戦局は一瞬にして変わった。仁は呆気に取られて刀を持て余した。人形達がピタリと、電池が切れたように動かなくなったのだ。
「お兄ちゃん! 大変。学園長さんたちが!」
奈々華の緊迫した声。仁は振り返ろうとして、人形達に視線を戻さざるを得なかった。それらが一斉につんざく様な声で笑い始めた。鉄が軋む音にも似ていて、奈々華は思わず耳を塞ぐ。状況の掴めない仁は再び油断なく刀を構えなおす。
「キキキキキキ」
「キキキキキキ」
「何が起きてるんだ?」
仁の呟くような声量は、軽く千を越す人形達の笑い声に完全に消される。人形が一際大きな金切り声を上げる。
「整った。整った。整った。整った!」
今度は同じ言葉を繰り返す。輪唱ではなく全てがほぼ同時に。
「お前の名前は丸太鬼。丸太鬼。丸太鬼。丸太鬼」
四度繰り返す前に、腰に下がったままの静が聞いたこともない大声を上げる。
「まずい! こいつ等<闇の胎動を促す者>だ。急いで本体を見つけろ!」
仁は状況が掴み切れていないが、村雲の本当の名を知っている得体の知れない敵を倒すことに異論などない。緊急性も手伝って、仁の頭はすぐに湧き上がる混乱も疑問も一旦隅に追いやり、必要な情報だけを欲した。
「どうやって見つけるんだ?」
「一番力の強いヤツだ。何とか探し出せ!」
丸太鬼、丸太鬼…… と呪文のように人形達は囃し立てる。仁はそれが物理的な力の強さではなく、魔力の偏在から知るものだとすぐに察する。ギリッと奥歯が鳴った。きっと坂城やミルフィリアが居れば簡単にいくのだろうが…… ふと仁は弾かれたように村雲を見やる。当の村雲は何も話さなければ、顔も見えない。戦闘中に無駄口を叩くような精霊でもないので、それで普通なのだが、今だけ仁は村雲に語りかける。
「おい、大丈夫か!」
名を知り、とある儀式を経て、過去の記憶を取り戻すという話。その儀式とやらがこの<闇の胎動を促す者>と関係しているのなら……
「……主?」
「マズイ。乖離が始まっている」
静の口調にも先程からいつもの余裕はない。それが切迫した事態を示していた。
「乖離って何だ!」
仁は闇雲に刀を振るう。次々と人形の破片が宙を舞うが、一向に囀りも進軍も止まない。本体というくらいなのだから、恐らく群れの一番奥、少なくとも最前線には居ないはずだ。ついっと足を踏み出しかけて、自身の後ろに居る存在を思い出す。取捨選択。そんな言葉が妙に重たく、仁の脳裏を闇のように侵食した。

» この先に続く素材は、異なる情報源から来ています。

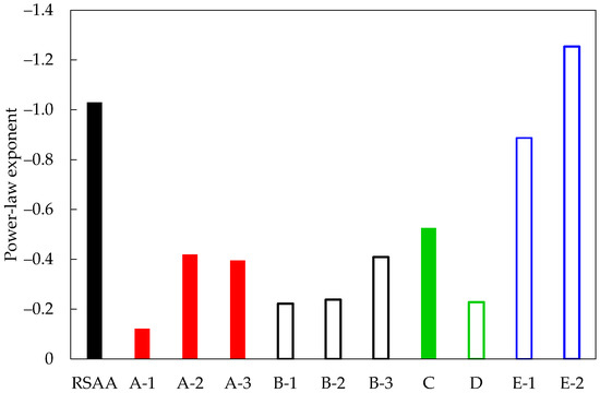 To bring further evidence to the limitations of the RSA algorithm in modeling CNT-modified polymers, in Figure 10, a comparison regarding the slope of the best-fit curves plotted in Figure 9b is presented. Two facts are clear: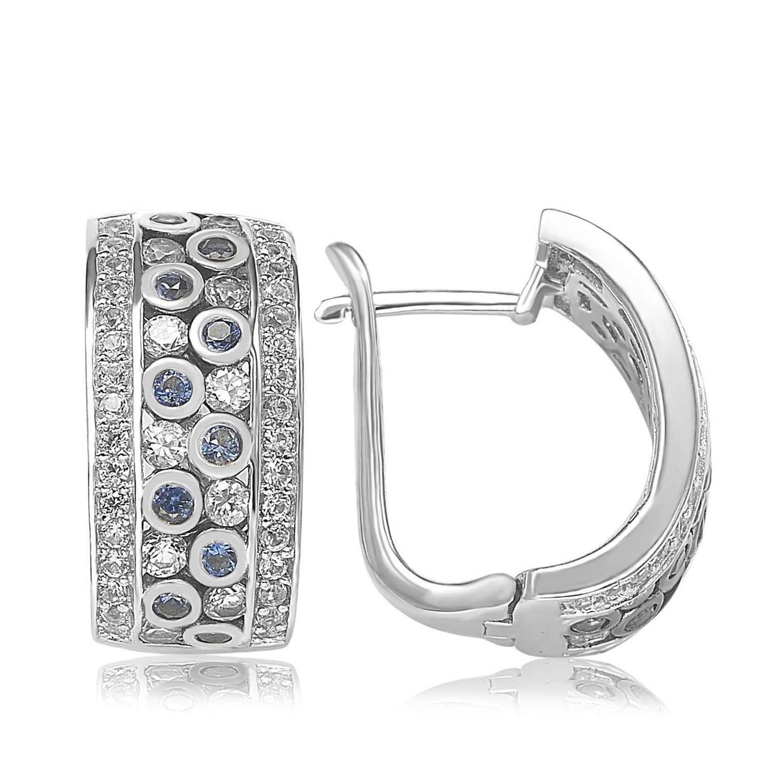 Suzy Levian Sapphire and Diamond in Sterling Silver Earring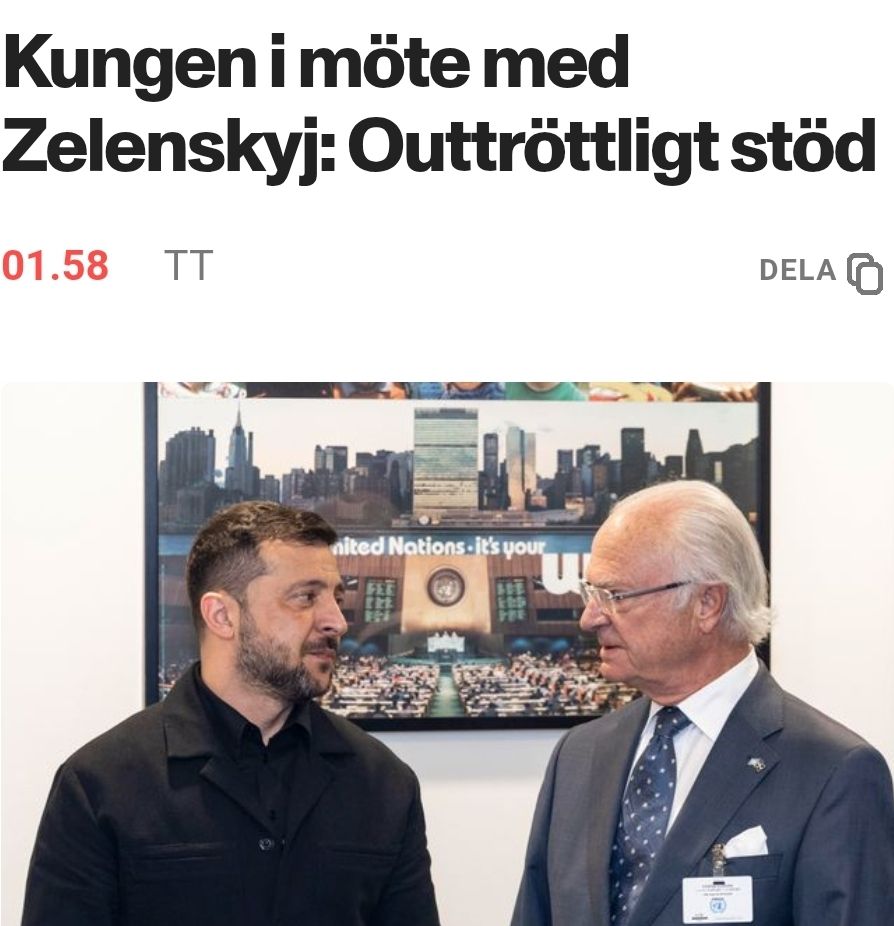 Det svenska kungaparet som befinner sig i New York för FN:s 80-årsdag passade så klart på att frottera sig med Zelensky som redan vid tidigare tillfällen träffat kungaparet och kungen – som på pappret ska föreställa ”neutral” – uttryckte också sitt outtröttliga stöd för att Sverige fortsätter agera bankomat åt Ukraina.

浮き上がりかけた足は…… 踏み出されることなく、そのまま地についた。
「文字通りだ。精霊の心が魔術師から乖離する現象」
普通は起こり得ない。いつだって裏切るのは人間の方だから。人形達の高笑いが終わり、幾つかの人形が動かなくなる。ブツブツと何かを呟いている。次第にその声が大きくなり、全体に波及していく。間もなく全ての人形が黒い霧のようなものを体から滲ませる。
「丸太鬼。乳飲み子を食い殺せ。
丸太鬼。希望の若者を嬲り殺せ。
丸太鬼。守るべき者の前で守り手を壊し尽くせ。
丸太鬼。安らかなる死を待つ老躯を踏み潰せ。
生きたまま腕をむしれ。生きたまま足を砕け。生きたまま腸を引きずり出せ。其は同胞が受けた恥辱。其は同胞が受けた苦しみ。其は同胞が受けた憎しみ。返せ。返せ。返せ!」
おぞましい詠唱。
「いけない! 早く!」
静はあらん限りに声を上げる。しかし仁は半ば自失したような目で、手に持った仲間を見つめていた。
「主? 主? 人間? 人間。人間。人間」
村雲の刀身から先に見た人形達のものとは比べ物にならないくらいに、濃く深い闇が広がっていった。